*** Opening Source material ***

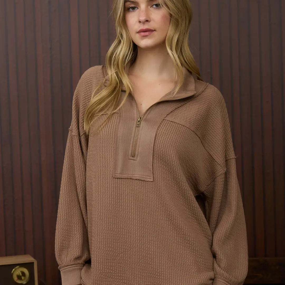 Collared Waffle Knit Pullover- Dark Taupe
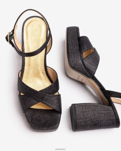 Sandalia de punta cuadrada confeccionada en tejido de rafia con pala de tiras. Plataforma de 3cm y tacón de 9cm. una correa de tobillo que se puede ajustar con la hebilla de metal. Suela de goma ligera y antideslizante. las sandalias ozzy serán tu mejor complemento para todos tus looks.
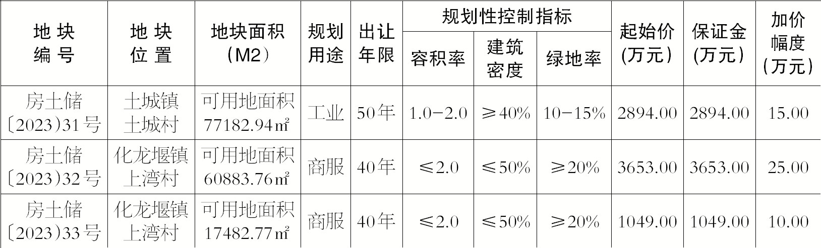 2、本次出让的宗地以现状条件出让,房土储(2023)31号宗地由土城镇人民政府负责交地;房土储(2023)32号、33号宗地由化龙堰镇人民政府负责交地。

*** Closing Source material ***

- _Work instruction_
Could the data above be copied out exactly, with no pictures kept?

- _Response to the exercise_
 Collared Waffle Knit Pullover- Dark Taupe
 Sandalia de punta cuadrada confeccionada en tejido de rafia con pala de tiras. Plataforma de 3cm y tacón de 9cm. una correa de tobillo que se puede ajustar con la hebilla de metal. Suela de goma ligera y antideslizante. las sandalias ozzy serán tu mejor complemento para todos tus looks.
 2、本次出让的宗地以现状条件出让,房土储(2023)31号宗地由土城镇人民政府负责交地;房土储(2023)32号、33号宗地由化龙堰镇人民政府负责交地。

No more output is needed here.